- Title: Kingsman: The Secret Service
- IMDb: link
Kingsman: The Secret Service isn’t the first time director Matthew Vaughn has signed on to bring a Mark Millar comic to the big screen. Like Kick-Ass, Kingsman: The Secret Service centers on the life of a young punk who enters a world of violence, ridiculous adventures, and even more ridiculous villains. This time, however, the subject of spies rather than comic book heroes is both celebrated and lampooned.
Based on Millar’s comic The Secret Service, Taron Egerton stars as a working class kid from a bad neighborhood raised by a single mother after his father died in mysterious circumstances working for a secret organization of spies (and tailors?) known as Kingsman. Recruited by the same agent (Colin Firth) who recruited his father, Egsy spends most of the film proving himself against other candidates (Sophie Cookson, Edward Holcroft, Nicholas Banks, Tom Prior, Fiona Hampton) working to take the place of the latest Kingsman (Jack Davenport) who died investigating a link between a kidnapped professor (Mark Hamill) and an eccentric billionaire known as Valentine (Samuel L. Jackson) who has some extreme ideas about lowering the population of the Earth.
Given the secret organization, training sequences, and body count, Kingsman: The Secret Service feels more like Wanted than Kick-Ass. Like Wanted this film has memorable action sequences and questionable story elements which leave the viewer with a brutal but dumb action movie tonally geared more towards teenagers than adults. Think of it as If Looks Could Kill mixed with John Wick. It’s also more than a little reminiscent of the legendary trainwreck known as Hudson Hawk with the ridiculous plans of its villain and odd-named supporting characters from everything from the Arthurian codenames to henchmen named Poodle, Rottweiler, and Gazelle.

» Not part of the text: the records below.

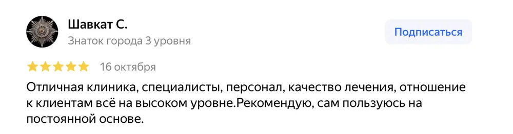 Это моё не первое посещение клиники, пользуюсь этой клиникой на протяжении нескольких лет. Понравилось: Профессиональный подход сотрудников к своей работе. Буду продолжать пользоваться вашей клиникой и буду рекомендовать вас своим знакомым.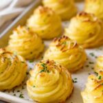 This Best Duchess Potatoes recipe features creamy, garlicky mashed Yukon gold potatoes piped into elegant swirled mounds, baked to a golden finish with Parmesan and butter. Perfect as an elegant side dish, it is rich in flavor and texture, making it a classic comfort food ideal for special occasions or everyday dinners.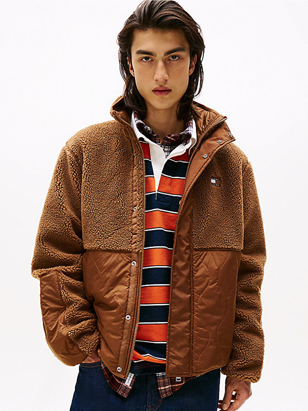 Mükemmel bir geçiş katmanı olan bu rahat dolgulu ceket, peluş ve kapitone panelleri birleştirerek havalar soğuduğunda sizi sıcak tutar.

Egsy himself, aside from being a good-hearted punk (whose wardrobe is often as horrifically bad as his nickname), is rather bland allowing the character to be stand-in for the audience in this wish fulfillment fantasy. Cookson’s Roxy is actually a more interesting character who sadly doesn’t get nearly as much screentime. Where Wanted‘s core message was about power corrupting absolutely, Kingsman is more basic in the idea of the little guy finally getting his big chance to prove he’s as good, or better, than everyone else. Like the genre it lampoons Egsy learns to fight and kill with unbelievable skill by the time the film’s climax rolls around (even if that part of his training was barely covered in the various scenes and montages at the Kingsman training facility).
Rounding out the cast are Sofia Boutella as a killer with blades on her feet as the stand-in for your basic Bond bad girl and henchman mashed-up together, Michael Caine as the head of Kingsman, and Mark Strong as the organization’s Q who gets into the field when Valentine’s plan leaves the private spy organization (of tailors?) decimated.
Kingsman: The Secret Service is dumb fun of impressive action sequences, including murderous battles within a church and within the villain’s secret layer, mixed with adolescent humor (some of which finds its mark and some badly misses the mark). While not being the kind of movie I would likely seek out for a second viewing, if I found it on cable I might stop to watch a few moments (mostly for the action sequences).